What are the conditions for encountering a serialization failure?

Daniel Trebbien picture Daniel Trebbien · Oct 9, 2011 · Viewed 10k times · Source

The PostgreSQL manual page on the Serializable Isolation Level states:

[Like] the Repeatable Read level, applications using this level must be prepared to retry transactions due to serialization failures.

What are the conditions for encountering a serialization failure at the Repeatable Read or Serializable levels?

I tried to induce a serialization failure with two instances of psql running, but even though a transaction was committed by one instance, the other instance, inside a serializable-level transaction while the other committed, was successful in committing its changes. Both simply inserted records into a table, so perhaps I need to try something more complex.

Basically I am trying to understand what happens in the event of a serialization failure and how serialization failures arise.

Answer

kgrittn picture kgrittn · Apr 3, 2012

There are many possible causes for serialization failures. Technically, a deadlock between two transactions is one form of serialization failure, and can potentially happen at any isolation level if there are concurrent modifications to the schema (database structure). Since you're asking about PostgreSQL, you should be aware that in PostgreSQL this type of serialization failure gets a separate SQLSTATE from the the others: '40P01'. All other serialization failures return '40001'. The rest of this answer will focus on these non-deadlock varieties in PostgreSQL.

Outside of a live replica ("hot standby") these can only occur at the two stricter isolation levels: REPEATABLE READ and SERIALIZABLE. At the REPEATABLE READ level these can only occur because of write conflicts -- two concurrent transactions try to update or delete the same (existing) row. The first transaction to make the attempt locks the row and proceeds. If it commits, the second transaction fails with a serialization failure. If the first transaction rolls back for any reason, the blocked transaction is freed to proceed and will acquire its own lock on the row. This behavior, in combination with a single "snapshot" for the duration of the transaction, is also known as SNAPSHOT ISOLATION.
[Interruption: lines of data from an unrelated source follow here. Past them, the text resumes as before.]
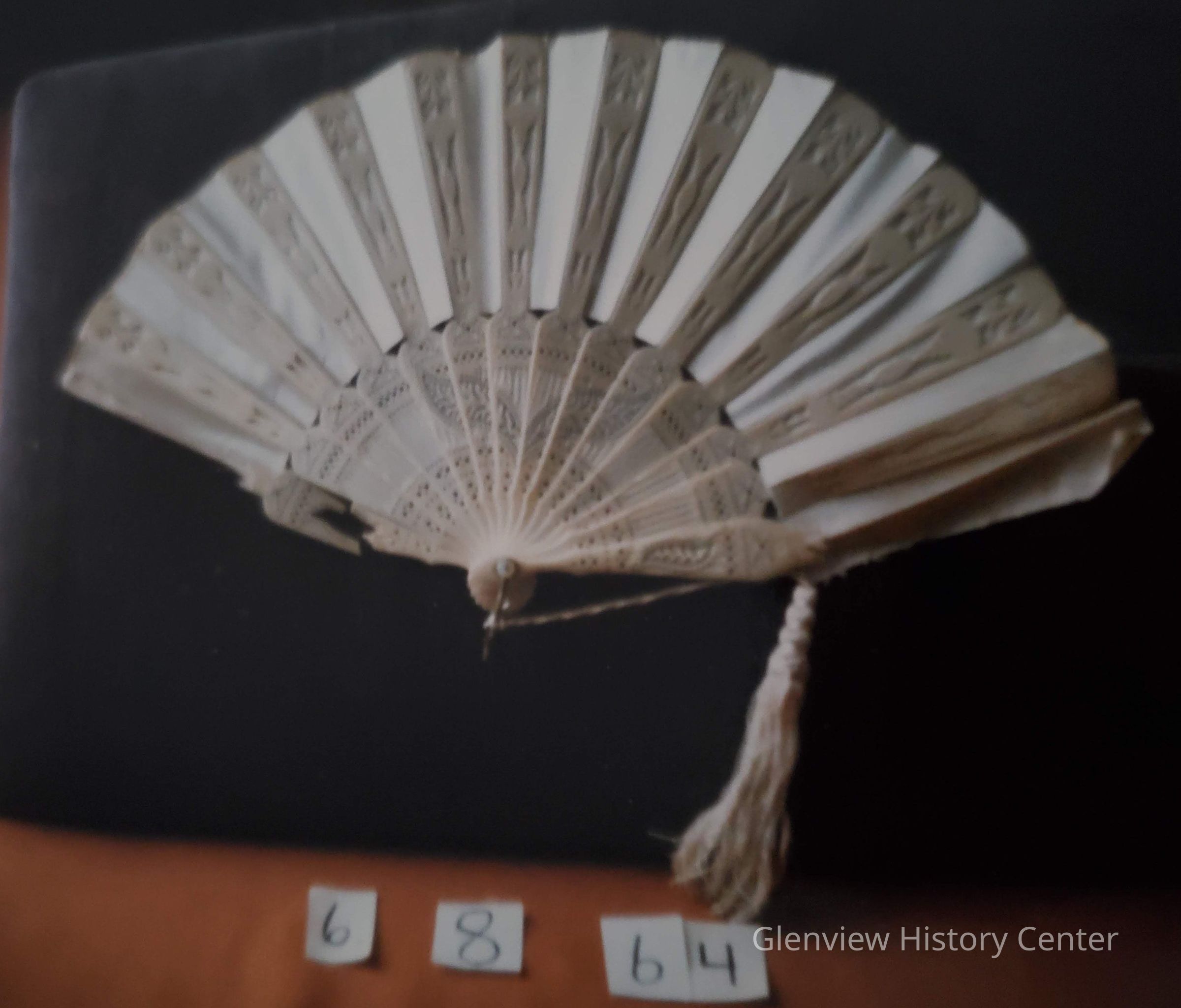 Fan, cream silk (originally white); bone ribs (3 are broken) Tassel
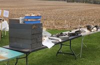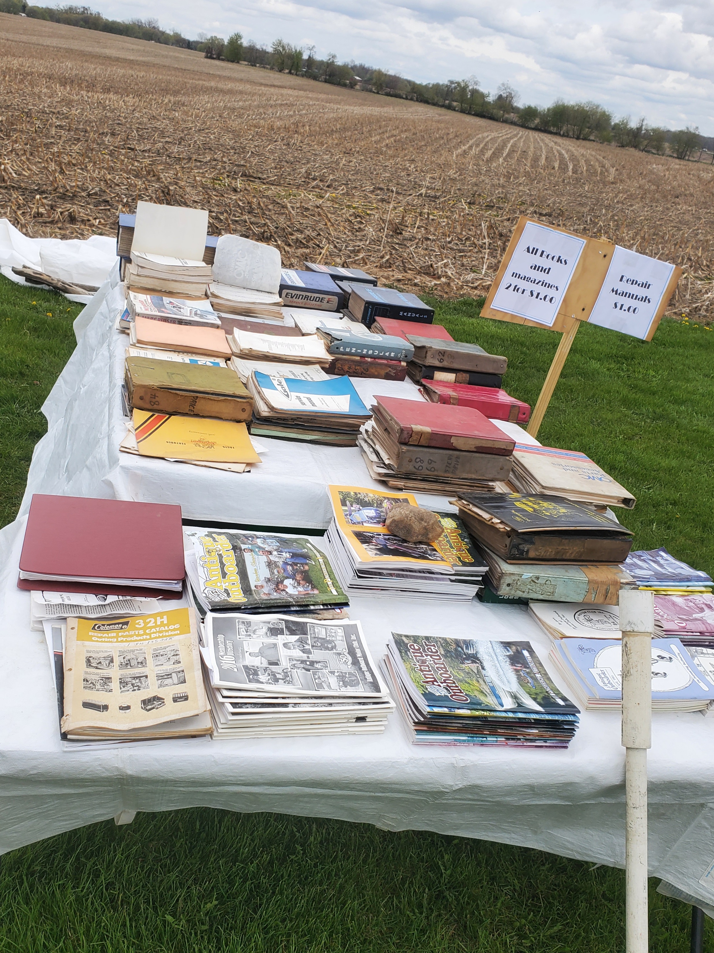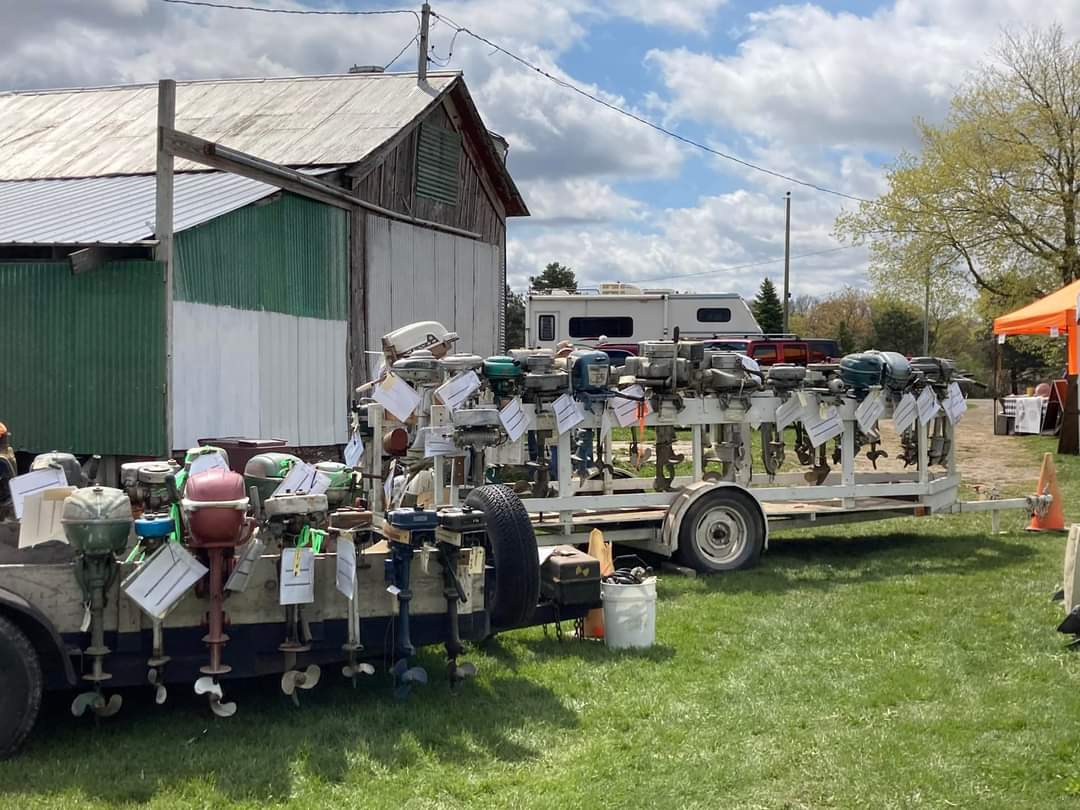There were many, many motors to choose from, documentation, parts, and boat related items as well. Bill Shattuck bought the motor trailer and took many motors home to sell at future meets with the proceeds going to Keith's family.
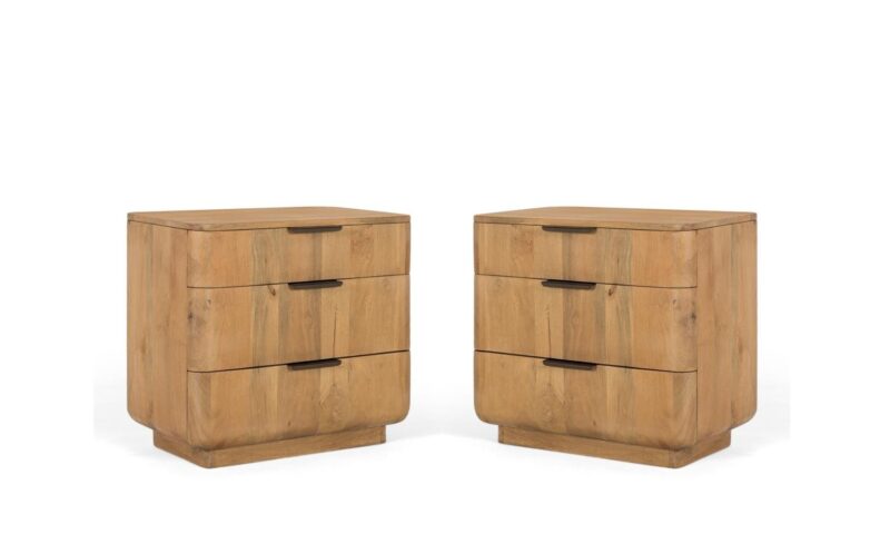 Mesita de madera de mango en color natural, con diseño minimalista y esquinas redondeadas que resaltan su estilo moderno y cálido. Está equipada con tres cajones amplios, cada uno con guías metálicas para un deslizamiento suave y funcional. Los tiradores metálicos complementan el diseño, aportando un contraste sutil y elegante al acabado natural de la madera.
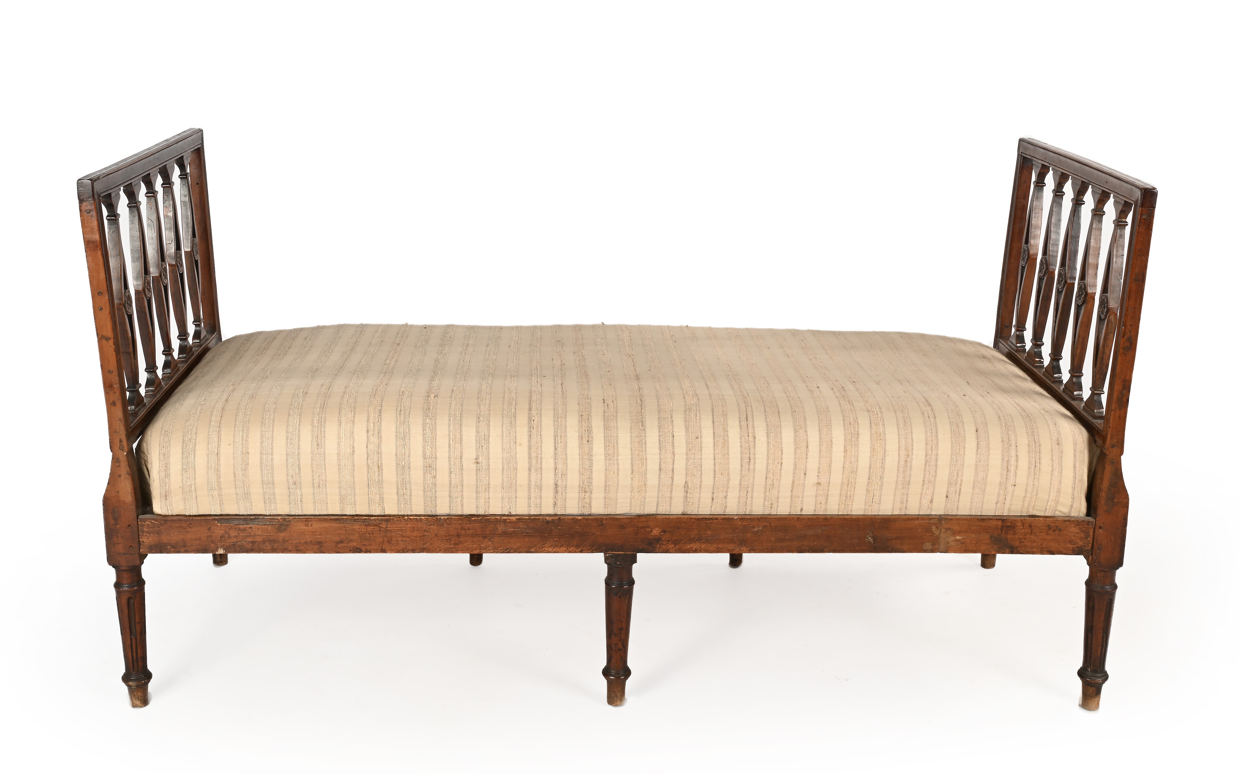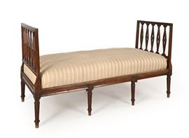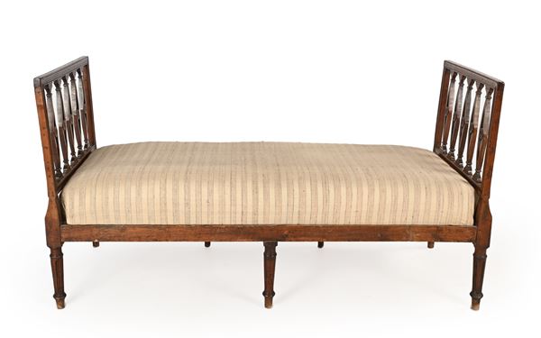 alte sponde laterali di linea squadrata con losanghe traforate centrate da corolle intagliate, seduta imbottita, schienale costituito da cuscini, gambe rastremate
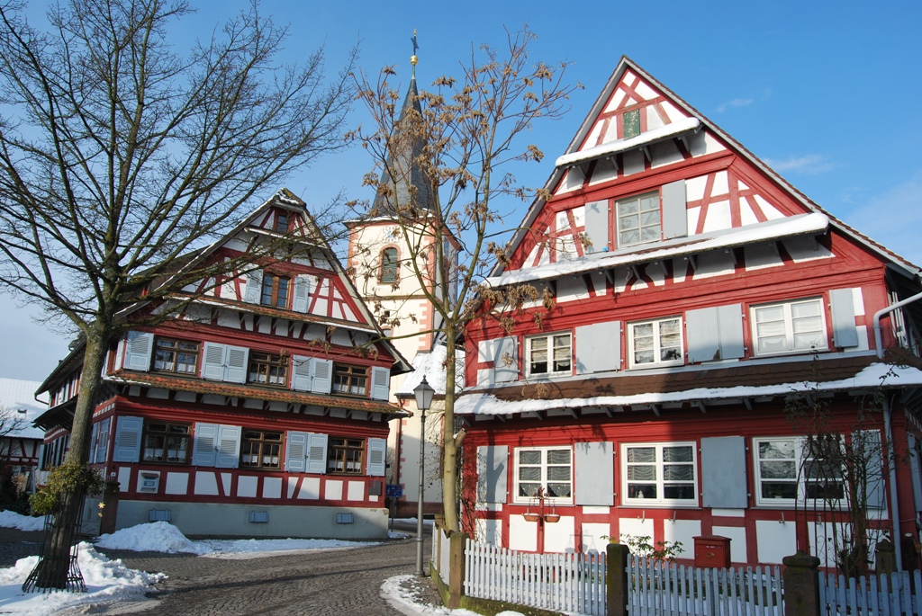 Puis on continue par Sand jusqu’à Appenweier, où la direction du circuit tourne vers le nord. En passant à travers des champs et des forêts, parallèlement au canal de décharge des crues de la Rench, on arrive au bout de 30 km à Rheinbischofsheim, le point le plus au nord de la randonnée. Ce village de la commune de Rheinau, recèle aussi de nombreux beaux bâtiments à colombages et une église protestante en briques avec un clocher impressionnant. On peut faire une pause sur la place du village ou à l’hôtel Napoléon avant de poursuivre la route vers Diersheim. Là, on peut profiter d’une nouvelle pause reposante au bord de l’étang du village magnifiquement situé (38 km).
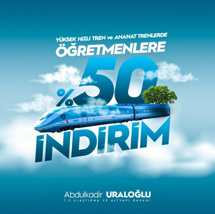 Bakan Uraloğlu, Öğretmenler Günü dolayısıyla yüksek hızlı tren (YHT) ve Anahat Trenlerinde tam bilet ücreti üzerinden öğretmenlere bilet alımında yüzde 50 indirim uygulanacağını duyurdu. Uygulamanın 24-30 Kasım 2024 tarihleri arasında geçerli olacağını ifade eden Bakan Uraloğlu, “24 Kasım Öğretmenler Günü nedeniyle 24-30 Kasım tarihleri arasında Yüksek Hızlı Tren (YHT) ve anahat trenlerinde tam bilet ücreti üzerinden öğretmenlerimize %50 indirim uyguluyoruz.

Prior to PostgreSQL version 9.1, SERIALIZABLE transactions worked exactly the same way. Starting with 9.1 PostgreSQL uses a new technique called Serializable Snapshot Isolation to ensure that the behavior of any set of serializable transactions is fully consistent with some serial (one-at-a-time) execution of those transactions. When using SERIALIZABLE transactions in 9.1, your application should be prepared for serialization failures on any statement except for ROLLBACK -- even in read only transactions and even on COMMIT. For more information, see the PostgreSQL doc page at http://www.postgresql.org/docs/current/interactive/transaction-iso.html or the Wiki page giving examples of how serialization failures can occur in the new, stricter isolation level at http://wiki.postgresql.org/wiki/SSI

If you are using the Hot Standby feature, you can get a serialization failure on the read-only replica if there is a long-running query for which maintaining a stable view of the data would require the database to forestall replication for too long. There are configuration settings to allow you to balance "freshness" of the replicated data against tolerance for long-running queries. Some users may want to create more than one replica so that they can have up-to-date data (possibly even choosing synchronous replication) while allowing another to lag as needed to service long-running queries.

Edit to provide another link: The paper titled Serializable Snapshot Isolation in PostgreSQL, presented at the 38th International Conference on Very Large Databases provides more detail and perspective than the other links, along with references to the papers which laid the groundwork for this implementation.